• [YOUR OBJECTIVE]: Repeat the listing exactly. Do not carry over any pictures.

• [DATA RECORDS]:
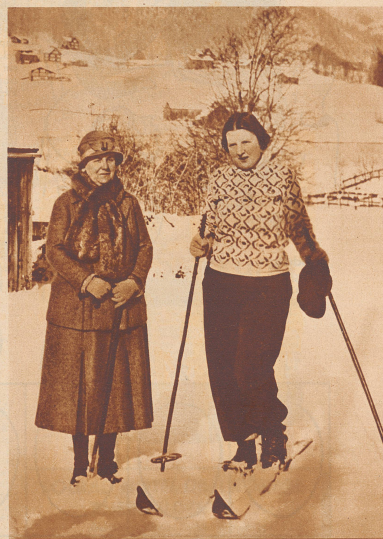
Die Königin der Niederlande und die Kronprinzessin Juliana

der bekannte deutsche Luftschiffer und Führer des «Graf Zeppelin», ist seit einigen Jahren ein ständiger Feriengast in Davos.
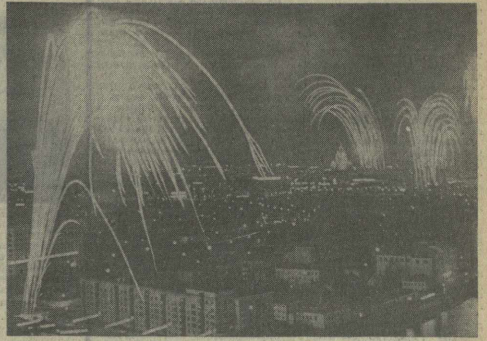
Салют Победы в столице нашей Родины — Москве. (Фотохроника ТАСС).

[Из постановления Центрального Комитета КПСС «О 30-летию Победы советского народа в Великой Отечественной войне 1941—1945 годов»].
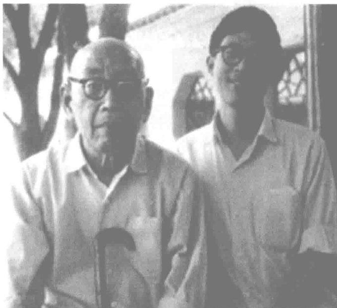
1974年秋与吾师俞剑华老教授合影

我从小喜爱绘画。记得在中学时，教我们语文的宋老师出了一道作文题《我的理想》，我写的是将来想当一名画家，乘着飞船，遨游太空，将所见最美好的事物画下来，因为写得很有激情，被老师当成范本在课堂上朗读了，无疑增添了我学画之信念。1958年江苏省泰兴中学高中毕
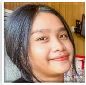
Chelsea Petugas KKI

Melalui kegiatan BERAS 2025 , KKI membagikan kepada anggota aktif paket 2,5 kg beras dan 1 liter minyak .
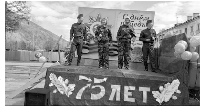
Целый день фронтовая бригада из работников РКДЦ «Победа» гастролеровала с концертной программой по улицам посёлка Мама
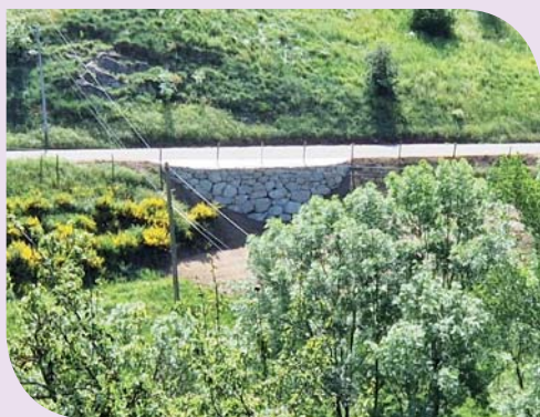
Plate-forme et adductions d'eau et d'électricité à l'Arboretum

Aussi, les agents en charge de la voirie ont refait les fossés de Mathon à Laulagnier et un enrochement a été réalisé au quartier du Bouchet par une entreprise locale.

• [PROBLEM SOLUTION]:
Die Königin der Niederlande und die Kronprinzessin Juliana

der bekannte deutsche Luftschiffer und Führer des «Graf Zeppelin», ist seit einigen Jahren ein ständiger Feriengast in Davos.
Салют Победы в столице нашей Родины — Москве. (Фотохроника ТАСС).

[Из постановления Центрального Комитета КПСС «О 30-летию Победы советского народа в Великой Отечественной войне 1941—1945 годов»].
1974年秋与吾师俞剑华老教授合影

我从小喜爱绘画。记得在中学时，教我们语文的宋老师出了一道作文题《我的理想》，我写的是将来想当一名画家，乘着飞船，遨游太空，将所见最美好的事物画下来，因为写得很有激情，被老师当成范本在课堂上朗读了，无疑增添了我学画之信念。1958年江苏省泰兴中学高中毕
Chelsea Petugas KKI

Melalui kegiatan BERAS 2025 , KKI membagikan kepada anggota aktif paket 2,5 kg beras dan 1 liter minyak .
Целый день фронтовая бригада из работников РКДЦ «Победа» гастролеровала с концертной программой по улицам посёлка Мама
Plate-forme et adductions d'eau et d'électricité à l'Arboretum

Aussi, les agents en charge de la voirie ont refait les fossés de Mathon à Laulagnier et un enrochement a été réalisé au quartier du Bouchet par une entreprise locale.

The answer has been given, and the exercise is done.